We see a much better **cache efficiency (80% vs 23%)** and **throughput (45k vs 16k requests)**.

![grafana result for 2.2.1 60 seconds](/img/2.2.1_metrics_60s.webp "grafana result for 2.2.1 60 seconds")

> **Heads up**: caching for longer helps improve performance but at the cost of stale content.

## Fine tunning - cache lock, stale, timeout, network

Using default configurations for Nginx, linux, and others will be sufficient for many small workloads. But when you're goal is more ambitious, you will inevitably need to fine-tune the CDN for your need.

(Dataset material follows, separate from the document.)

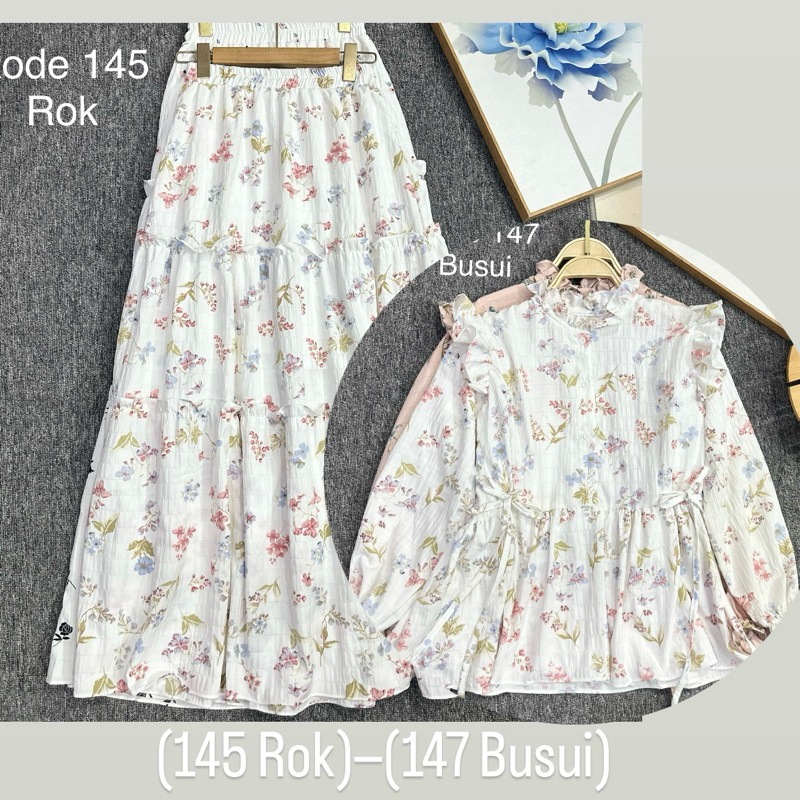 Oneset Cott Crinkle Blouse Dan Rok Stelan Wanita Busui Friendlykode 145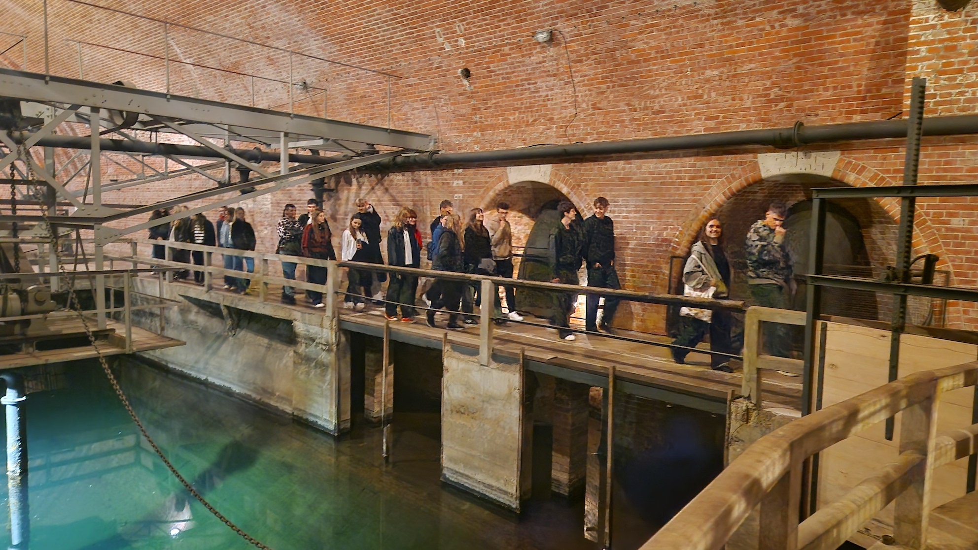 Po ubytování v Hostelu Homer jsme zamířili do Staré čistírny odpadních vod v Bubenči, unikátní památky z roku 1906. Prohlídka podzemních prostor a projížďka loďkou v temných chodbách nám připomněly, že i technika má své kouzlo. Někteří odvážlivci si dokonce vyzkoušeli slaňování z komína!

The process of fine-tuning a web server is gigantic. It goes from managing how [`nginx/Linux process sockets`](https://blog.cloudflare.com/the-sad-state-of-linux-socket-balancing/), to [`linux network queuing`](https://github.com/leandromoreira/linux-network-performance-parameters), how [`io`](https://serverfault.com/questions/796665/what-are-the-performance-implications-for-millions-of-files-in-a-modern-file-sys) affects performance, among other aspects. There is a lot of symbiosis between the [application and OS](https://nginx.org/en/docs/http/ngx_http_core_module.html#sendfile) with direct implications to the performance, for instance [saving user land switch context with ktls](https://docs.kernel.org/networking/tls-offload.html).

You'll be reading a lot of man pages, mostly tweaking timeouts and buffers. The test loop can help you build confidence in your ideas, let's see.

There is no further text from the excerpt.